# Numpy part 1 - working with arrays

## Prerequsites 
- Python basics part 1
- Python basics part 2

## Learning objectives 
- Import the numpy package
- Create data arrays from lists
- Generate data arrays using built-in numpy functions
- Generate arrays of random numbers
- Select and slice portions of data arrays

## References
- https://wesmckinney.com/book/numpy-basics (primary)
- https://numpy.org/doc/stable/user/absolute_beginners.html (secondary)

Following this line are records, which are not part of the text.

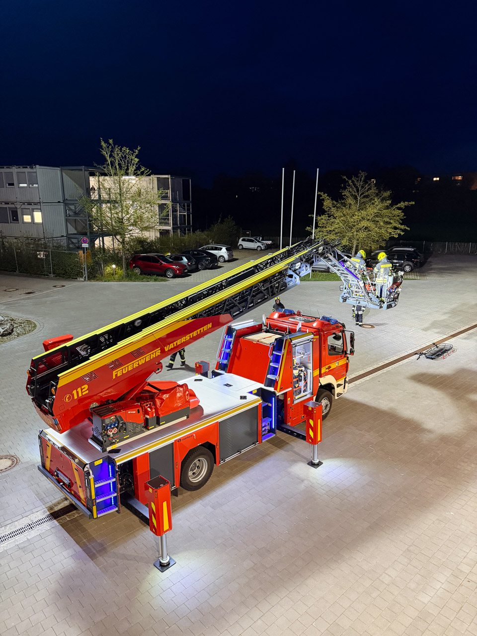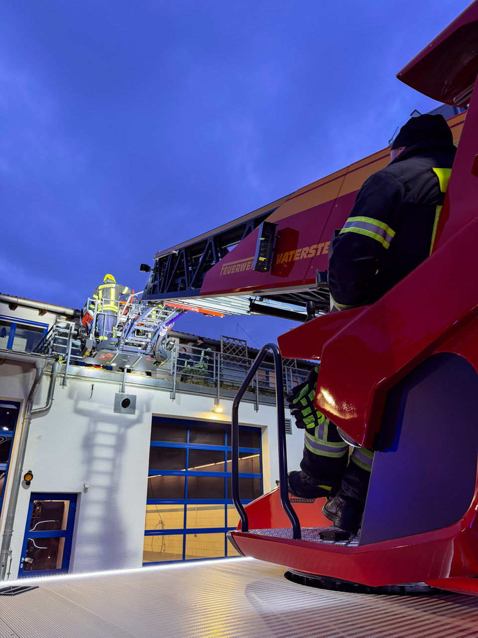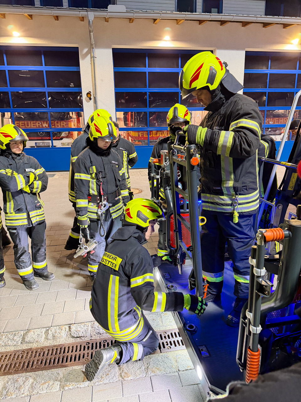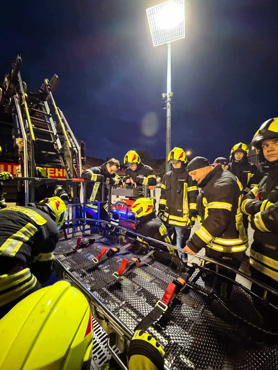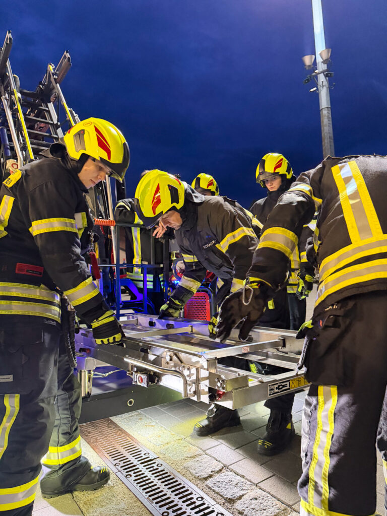 Um dieses Potenzial im Einsatz sicher und effizient abrufen zu können, sind regelmäßige Übungen unerlässlich. Neben der reinen Fahrzeugkunde lag der Schwerpunkt diesmal auf der sicheren Personenrettung – einer der häufigsten Einsätzfälle der Drehleiter.
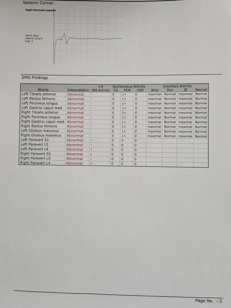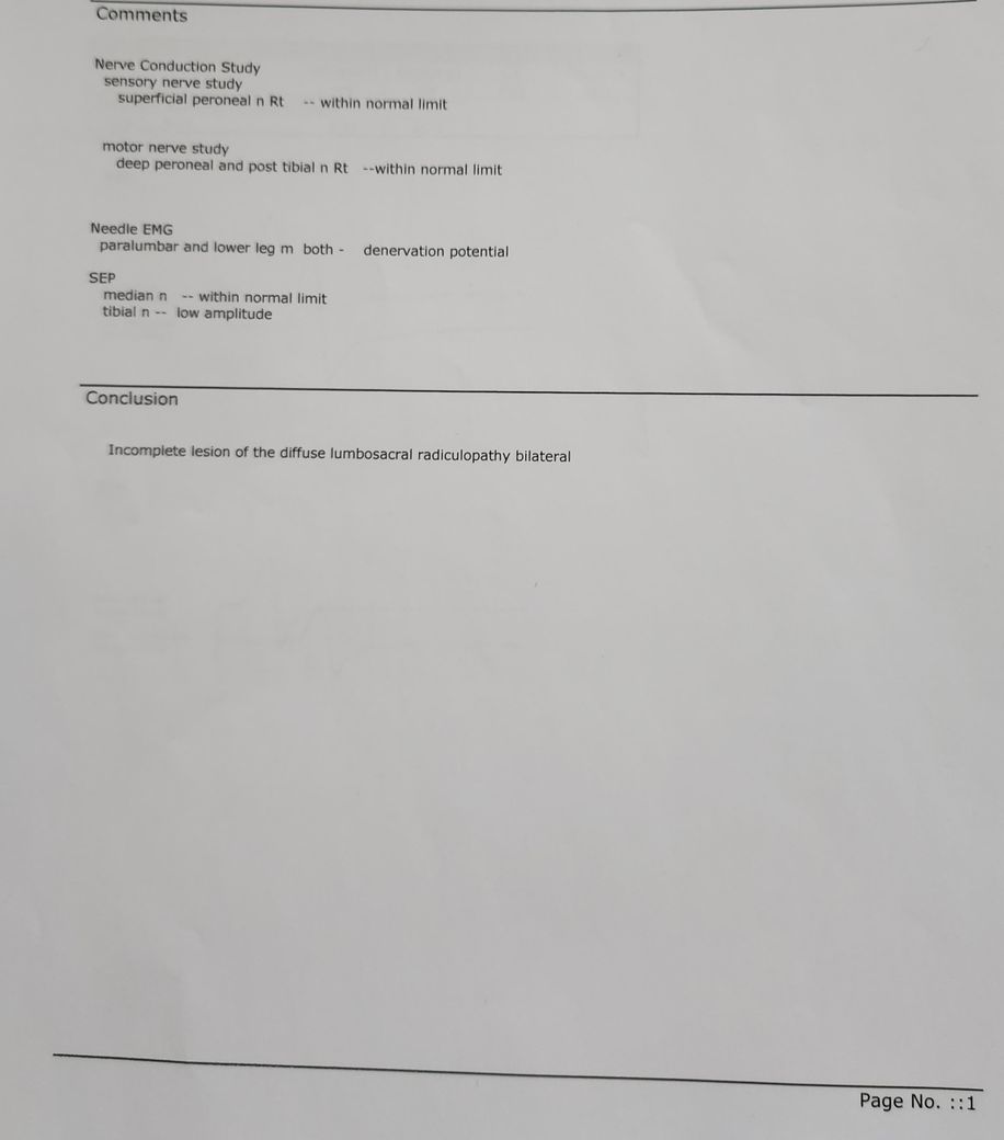 이런 소견이 나올려면 마미총증후군이 있었어야하는데 처음 디스크가 터졌을때는 양측 하지로 근력이 떨어지셨었나요?
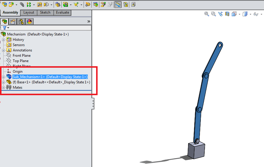 One of the great things about SolidWorks is how easy it is to navigate through the assembly tree when working with an assembly containing multiple parts or subassemblies. Often times, you’ll find yourself in a situation where a top-level assembly consists of a set of parts and one or more subassemblies. In this case, you’ll notice that the general shape and mates of your subassembly will be in the same configuration as you’ve most saved them.
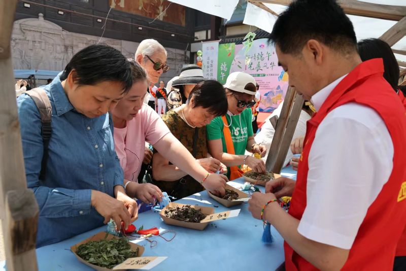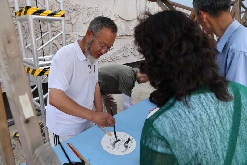 在互动展示环节,现场设置了扇面书画展区和非遗文化展示区,吸引了众多市民驻足观赏。在扇面书画创作及展示区域,书画文艺志愿者们现场挥毫泼墨,以笔墨丹青展现端午文化意象。一幅幅精美的扇面书画作品引得观众纷纷赞叹,现场还安排专人讲解作品创作背景、艺术特点等,让大家在欣赏艺术作品的同时,更深入地了解其背后的文化内涵。
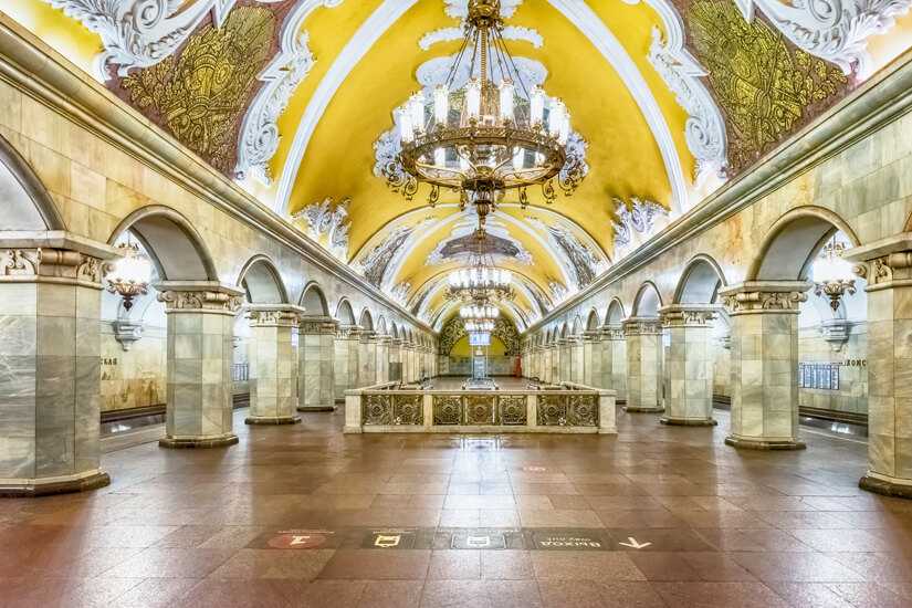 Die Metro in Moskau wird angepriesen als die schönste auf der ganzen Welt und davon solltet ihr euch unbedingt überzeugen – auch, wenn ihr keinen Weg mit der Metro zurücklegen müsst. Die Stationen gleichen unterirdischen Palästen und werden euch durch spektakuläre Wandverzierungen aus Marmor, Mosaik und Stuck sowie kristallenen Leuchtern an den Decken verzaubern. Dabei ist jede Station ein einzigartiges Kunstwerk. Und genau das war das Ziel Stalins: die Bahnhöfe sollten Paläste für das Volk werden. Hier macht sogar das Warten Freude.
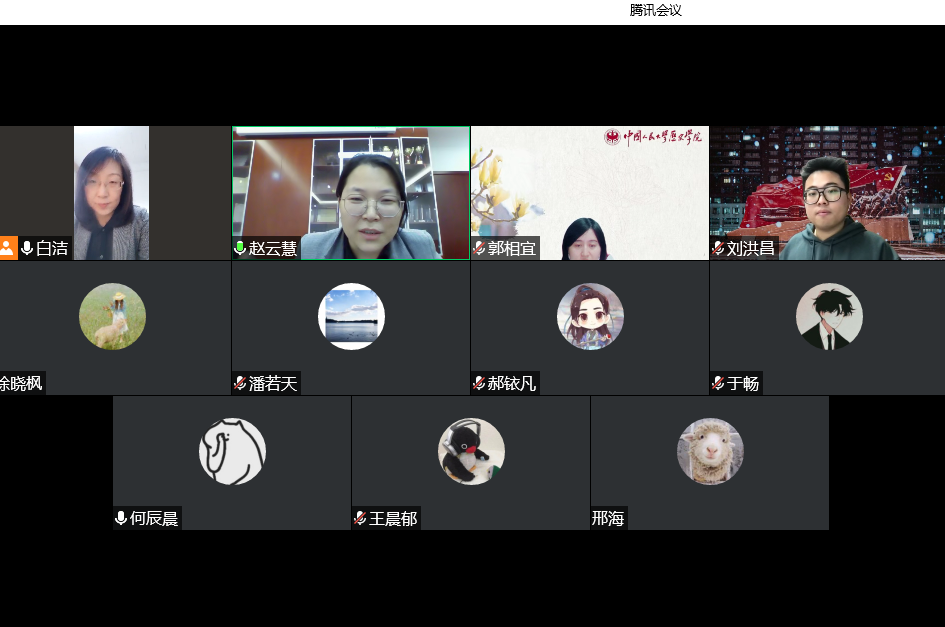 3月17日下午,中国人民大学威尼斯9499登录入口党委副书记白洁带队与威尼斯官网学工进行线上交流学习。会议由威尼斯9499登录入口党委副书记赵云慧主持,中国人民大学威尼斯9499登录入口党委副书记白洁、团委书记郭相宜、团委副书记刘洪昌、威尼斯9499登录入口学生工作办公室潘若天老师、张辞修老师、徐晓枫老师及两院学生会、研究生会等学生组织负责人参加了座谈。
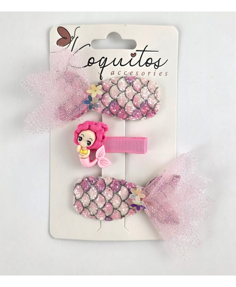 COSMÉTICA INFANTILSet de tres pinzas para el pelo Sirenita
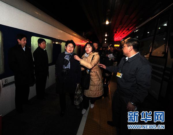3月1日6時,來自吉林的全國政協(xié)委員乘坐Z62次列車抵達北京站,這是首批抵京參加全國政協(xié)十一屆四次會議的京外委員。圖為遲寶榮委員(左三)在出站間隙接受采訪。新華社記者 張鐸 攝
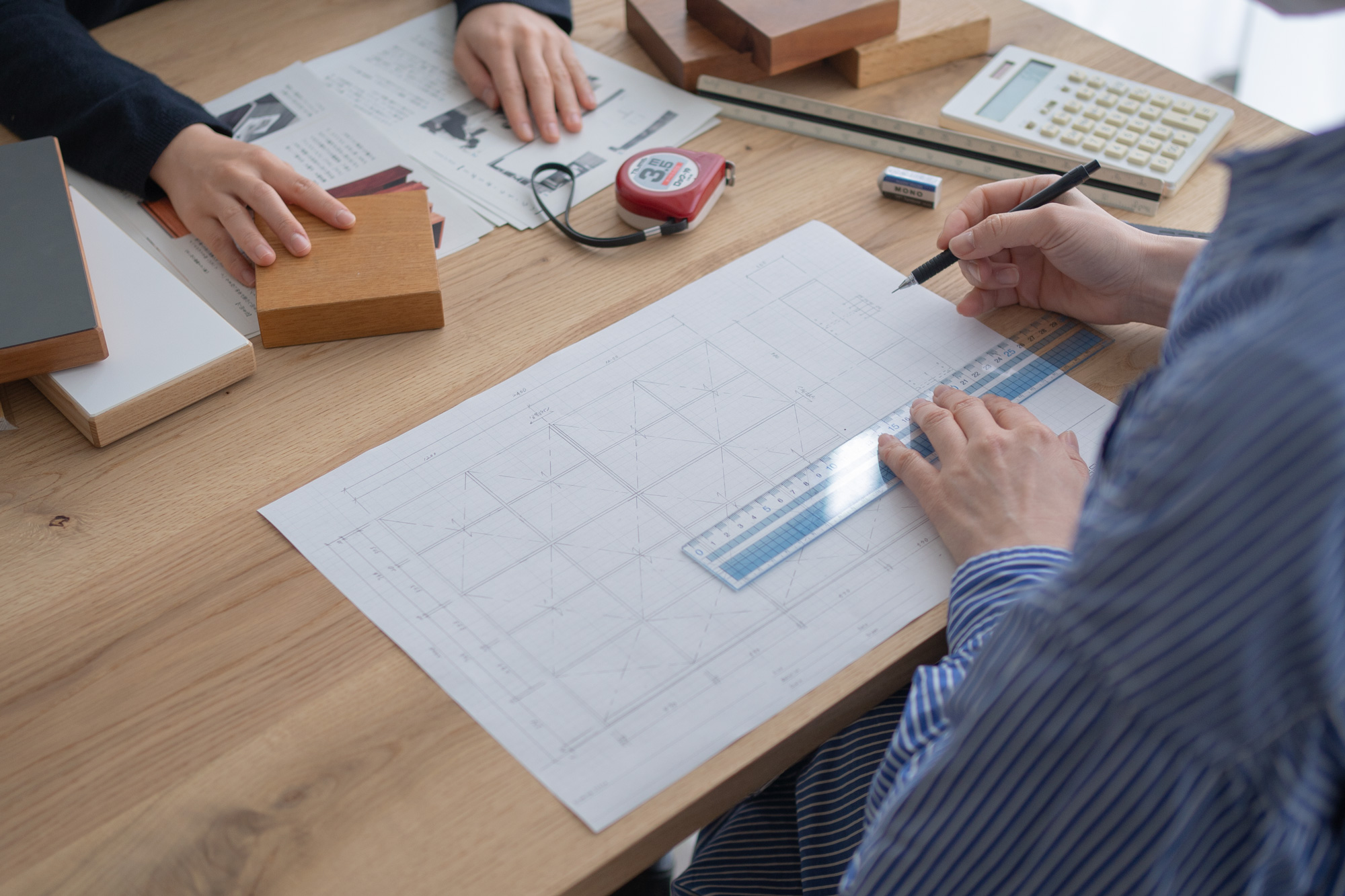 素材、デザイン、仕様を確認しながら変更に応じてラフプラン作成とお見積りを重ねます。
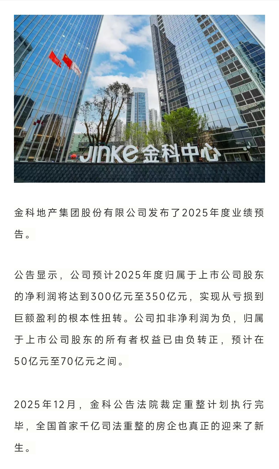 焕新起航|金科股份业绩预告2025年巨额盈利,开启科技不动产新篇章!

### Import the numpy package
- A Python package contains multiple "functions" that help you do different more advanced computations, e.g., machine learning algorithms. 
- We start from the most basic (yet most popular) package: `numpy` -- array and matrix operations (more on this later)
    - For those who know MATLAB (no worries at all if you don't), this package gives functionality comparable to MATLAB.
- How to install/import the package?
    - Simple: `import numpy as np`. What does it mean?
    - It means: (i) I want to import `numpy`; (ii) I want to name the package as `np` -- so that every time I use this package, I only need to write `np.` (don't forget the dot after `np`). 
    - Import numpy by executing the code block below

In [None]:
import numpy as np

#### Create an array using numpy
- Array is a power tool in numpy. It can be a vector (one-dimensional), a matrix (two-dimensional), or even a high-dimensional object.
- Create an array: `np.array()`. What does the dot mean?
    - In my own words: "under the package numpy (np), we use a sub-package called array". 
- Let's create a one-dimensional array -- Try both on your own. 
    - We can do it by using a (numeric) list -- recall from our last Python note -- my preferred way.
    - `list_1 = [ 1, 20, 4.1, 5]`
    - `array_1 = np.array(list_1)`
    - Or we can create it directly.
    - `array_1 = np.array([1, 20, 4.1, 5])`

In [None]:
list_1 = [ 1, 20, 4.1, 5]
array_1 = np.array(list_1)
print(array_1)

#### Create a multi-dimensional array from lists
- Verify in the code block below that both of the following gives you an array with two rows and four columns
- `list_1 = [ 1, 20, 4.1, 5]`
- `list_2 = [3, 4.1, 2, 8]`
- `array_2 = np.array([list_1, list_2])` or `array_2 = np.array([[ 1, 20, 4.1, 5], [3, 4.1, 2, 8]])`
  - Note 1: you must put '`[]`' around list_1, list_2.
  - Note 2: your lists must be the same length. Otherwise, you get an error.

In [None]:
list_1 = [1, 20, 4.1, 5]
list_2 = [3, 4.1, 2, 8]
array_2 = np.array([list_1, list_2]) 
print(array_2)

### Create arrays using built-in numpy functions 

#### Create arrays with zeros -- `np.zeros()` 
- What if you want to create an array like `[0,0,0,0,0,0,0,0,0,0]`?
- The function `np.zeros(10)` generates an array of 10 zeros -- note it creates `0.` (dot) indicating it is a float number.
- What's more: the function `np.zeros([10, 2])` generates an array with 10 rows and two columns, all zeros.

In [None]:
np.zeros(10)

#### Create arrays with ones -- `np.ones()`
- What if you want to create an array like `[1,1,1,1,1,1,1,1,1,1]`?
- The function `np.ones(10)` generates an array of 10 ones. -- try `np.ones([10, 2])` too.

In [None]:
np.ones(10)

#### Create arrays with twos -- np.twos() ???
- NO.
- A small twist: we can do it with `np.ones()`: try `np.ones(10)*2` -- same logic goes for other numbers. 

In [None]:
np.ones(10)*2

#### Create (slightly more complicated) arrays using `np.arange()`
- What if you want to create an array like `[0,1,2,3,4,5,6,7,8,9]`?
- Numpy has a built-in function for you: `np.arange(0,10,1)`. What it means?
    - (i) it creates an array starting with _0_
    - (ii) it terminates __before__ (!) 10 
    - (iii) it increases by _1_.
- Try this below. 

In [None]:
np.arange(0,10,1)

- Try `np.arange(0,10,0.1)` -- increment is 0.1
- Try `np.arange(1,10,1)` -- starting from 1 with increment by 1

#### Some additional notes about `np.arange()`
- `np.arange(10)` is short for `np.arange(0,10,1)`
    - because 0 is the default setting for the first argument, and 1 is the default setting for the third argument.
- `np.arange(1, 10)` is short for `np.arange(1,10,1)`
    - again, 1 is the default setting for the third argument.
- It depends on your preference and tastes, but missing arguments is not my own preferred way of coding.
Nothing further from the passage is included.